この世界は『食う者』と『食われる者』の二種類の生き物に別れる。
これは食われる者側がいかにして食う者に勝ったかの話しだ。















ある時━━━━
「お!モモンの実見っけ!」
一匹の小さなコラッタが道端に落ちていた木の実にかじりついた。
「うわっ!甘くてうめえ!」
コラッタは背後から何かが近づいてくるのに気づかない。いや、気づいたとしてももう遅い。
「あん?誰だよ?」
がさがさ、と揺れる草むらに反応し戦闘態勢をとる。
が、しかし敵はグラエナ率いるポチエナ軍団だった。モモンに夢中になりすぎて気がつかなかった。
コラッタは自分の愚かさを呪った。
「か、かかってこいや!」
下手に挑発して、コラッタは八つ裂きにされポチエナ達に食われてしまった。




また別の時━━━━
「はっ、はっ、捕まってたまるか!」
このコラッタは只今友達と原っぱで鬼ごっこの真っ最中。鬼である友達に追いかけられ捕食者の事など頭から吹っ飛んでいた。
「待て〜!!」
「へへ〜んだ!こっちまでおいで〜!」
逃げるコラッタは後ろを向き鬼の位置を確認したため前から迫る本当の鬼に気づかず捕まってしまった。
相手はピジョット。
大空を舞う冷酷な捕食者である。
「馬鹿な奴だ…親に外に出たら気を付けろと教わらなかったのか?」
「う、五月蝿い!放せ!」
ピジョットの足に掴まれているコラッタはもがいて逃げようと頑張るがどうしょうもない。
「ま、私にとっては好都合、なんだがな」
ピジョットはコラッタを宙に放り投げ電光石火の速度で口に入れた。






そしてまた別の時━━
「うう…迷子になっちゃった…」
人間に換算すると4歳。幼稚園児程の年齢のコラッタが森の中で群れとはぐれ迷子になってしまった。
「ん…?…あ!雨だ!」
急に雨が振り出しコラッタは雨宿りできる場所を探し始めた。
「あ!あった!」
そこにはコラッタが5匹同時に入れるであろう洞穴があった。
「よし、ここにいよう」
彼は穴の中に入ってちょこんと座った。
と、その時!入り口ががしゃんと閉じた。
「ふふ、馬鹿な子ねー」
そう、これはジャローダの口の中だったのだ。

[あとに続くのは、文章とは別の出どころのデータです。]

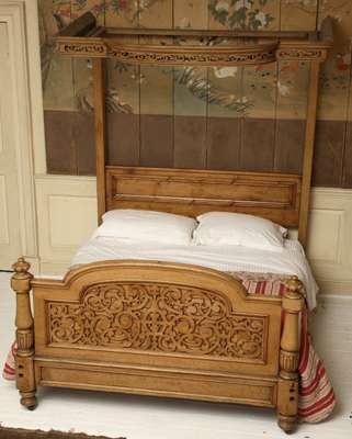 A Victorian birch half tester bed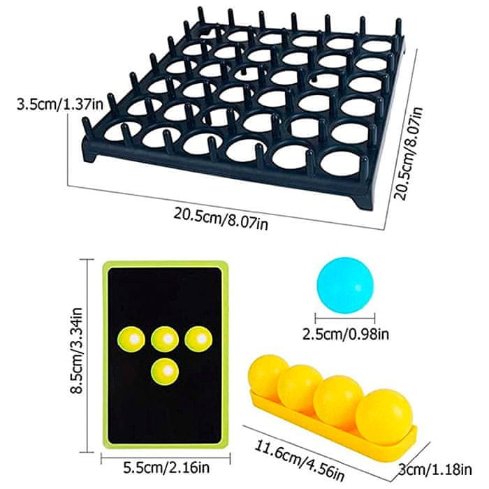 • Uporaba: Družabna igra za 2 ali več igralcev. Razdelite se v 2 ekipi, razdelite si žogice enake barve in postavite kartice na kupček s hrbtno stranjo navzgor. Prva ekipa je naključno izbrana in povleče 1 kartico. Z žogicami na igralni plošči skuša poustvariti vzorec s kartice. Žogica se mora 1× odbiti od mize nato pa pristati na pravilni poziciji. Če pristane napačno, je na vrsti naslednja ekipa. Tista ekipa, ki prva poustvari celoten vzorec, zmaga.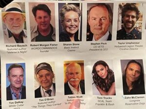 March 2023: Three of Robert’s UCLA Wordcommandos (known as The Seal Team Six of Veteran Writing Workshops) were honored by WordTheatre in Hollywood at a sold-out Salute to Veteran Writers featuring A-list actors such as Sharon Stone, John Savage, Griffin Dunne, Bill Pullman and many others reading their work at the 400-seat Post 43 Theater. They were honored alongside famous veteran/writers Tobias Wolff, Richard Bausch and Tim O’Brien. John Savage was so wound up by his reading of Tom Bird’s memoir excerpt (a MS which Robert edited, btw—he helped Cedering Fox curate the entire show) that they talked for an hour afterwards about everything from The Deer Hunter to Milos Forman’s Hair — both of which John starred in. Gentle Culpepper sat alongside fellow Vietnam combat veteran and Special Forces soldier Tobias Wolff during the riveting performances where legendary actors tried to outdo each other. It was that kind of night.

哀れなコラッタは食道を通り胃に収まってしまった。









―コラッタの会議―
ところ変わってコラッタ族の会議。
「むう…今週の食われたものは12匹」
コラッタ長老が唸る。
「誰か我々が食われないようになる良い案ないか?」
「あ、僕らって肉食ですよね?」
若いコラッタが聞く。
「む、まあそうじゃが…肉など随分長い事食ってないからのう」
「僕に良い案があります。大変危険ですがやる価値はあると思います」
「言ってみろ」
「まずは誰か一匹が囮になります。すると捕食者が来てそいつを食おうとします。ここからが本番です。たしか貯蔵庫にナゾノクサから貰った《痺れ粉》ありますよね?」
「たっぷりあるぞ」
「それを囮に持たせ食われる瞬間相手に振りかけます。そしたら隠れていた我々がこの歯で捕食者の肉を咬み千切るのです!」
「おお!それはいいのう!」
「ですがこれにはこの中で一番反射神経がいい者でなくてはなりません。ですので僕は中々の方だと思います。なので最初は僕が行きます!」
「やめろ!失敗したら死んでしまうぞ!?」
「もし僕が死んだら新しい作戦を練ってください。では行きましょう!」







―対象:グラエナ―
「いました」
「お主、いきなりあんな奴に挑むのか!?」
「最初が肝心ですから。では、行ってきます!」
その若きコラッタの見据える先にはグラエナがいた。そいつは運よく一匹でいた。
「おい!そこの間抜け!」
「ああん!?」
「食えるもんなら食ってみろ!バーカ!」
「お望み通り食ってやろう!」
(今だ!)
痺れ粉をグラエナの顔にぶちまけるとドサリと倒れた。
「やった!よし、皆!細かく千切って村に持って帰ろう!今夜は宴だ!」




こうして、コラッタ一族は頭を使って生き抜く術を編み出したのだった。
16/08/22 03:17更新 / だんご3
■作者メッセージ
読み切り二作目です。文字数制限がキツいなあ…
ガラケーだから約2000文字しか書けない。
でもまあ!楽しんでくれればそれでいいです!
では、また会いましょう!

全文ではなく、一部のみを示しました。